Question Raised on Largo Funding for Pension Plans
By Leo Coughlin
LARGO - Another issue has arisen with Largo's financial picture, this time with the return on investment assumption for the defined benefit pension plans.
The city is already borrowed to the hilt with anticipated revenue from Penny for Pinellas over the next 10 years hypothecated against that debt. Maybe more has been borrowed than can be repaid from that fund. Only time will tell.
City estimates place that anticipated income to be far higher than the county itself, which administers the Local Option Sales Tax (LOST), the official name for Penny for Pinellas, has predicted.
Now comes the question, raised by Commissioner Curtis Holmes, as to what current return on investment the city is assuming to finance the defined benefit pension plans.
Defined benefit means the pension payout is guaranteed and not subject to market fluctuation. Shortfalls have to be made up by the city injecting fresh money into the fund. This is what has been necessary over the past several years since the finance markets have been perilously upset.
The question appears to be most pertinent given Largo's lavish salary and pension benefits, which include double dipping aspects.
In the current economic climate with interest rates perhaps at an all-time low, Holmes queried Kim Adams, Largo's Finance Director, about what assumption the city was making on interest rates for the city money invested in the pension funds.
The response by Adams was positive and showed no alarm whatsoever given current conditions but Holmes's concern could be well founded.
A recent Wall Street Journal story pointed out that many of the country's big pension funds are sticking to expectations of the kind of returns on their investments that were justified just a few years ago, when 8 percent was considered a norm and even a little low.
But the paltry returns since the crushing economic crisis began could leave many plans in a hole.
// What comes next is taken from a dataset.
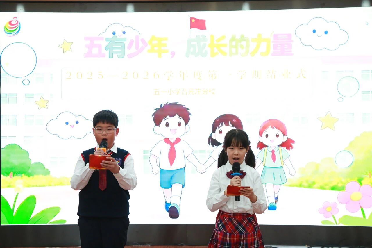 2026年1月23日,五一小學(xué)晉元莊分校2025-2026學(xué)年度第一學(xué)期“五有少年-成長的力量”主題結(jié)業(yè)式在校園內(nèi)溫情啟幕。全校師生共同回望這一程的耕耘,細(xì)數(shù)這一路的成長足跡,在儀式中觸摸教育的溫度,感悟成長的力量。
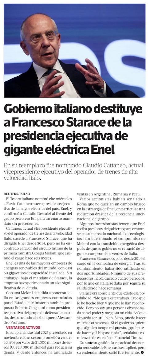 Gobierno de Italia saca a Francesco Starace de Enel y nombra a ejecutivo que viene de una empresa de trenes - (Diario Financiero)

This is particularly pointed in a city like Largo where pensions are a defined benefit and shortfalls mean the taxpayers are hit to make up the deficit.
Adams, in his reply to Holmes, showed no concern whatever, evincing full confidence that the 8 percent range being assumed on return for Largo pension investments will continue.
To many people, who watch the markets and interest rates, this does not seem likely. In any event, defined benefit plans put the city in a position that is very dangerous, according to those with financial expertise and who know economic history.
Holmes points out that if expected returns do not materialize as expected, "The real crusher comes later when taxpayers have to cough up what are going to be very big pension payments unless we change course soon."
He thinks the city needs to re-think defined benefits. "If we don't, within one generation the existing defined benefit pension plans could conceivably bankrupt the city."
Since being elected to a first term on the City Commission last November, Holmes has focused on these kind of money matters, concern for taxpayers being uppermost in his mind.
He has put the spotlight on expected revenue from Penny for Pinellas (because of the heavy borrowing) and other city expenditures, subjects that seem not to have entered the minds of his colleagues who seem most content to "go along" and collect their pay checks.
Adams said that the city's police and fire fighters pension plan - both defined benefit - have an 8 percent assumed return. "We are preparing a presentation (on the plans) that will include a review of (their) financial condition," Adams said.
Adams pointed out that return on investment assumptions "are usually not adjusted frequently or significantly, because pension plans have very long-term projects of 15 to 30 years."
The sticking point, however, as Holmes points out, is the defined benefit aspect. A plan without that proviso can adjust payments.
But in Largo's case, the police and fire fighter pension amounts are guaranteed. If the pension plan runs out of money, the city has a legal obligation and then the money has to come from the taxpayers.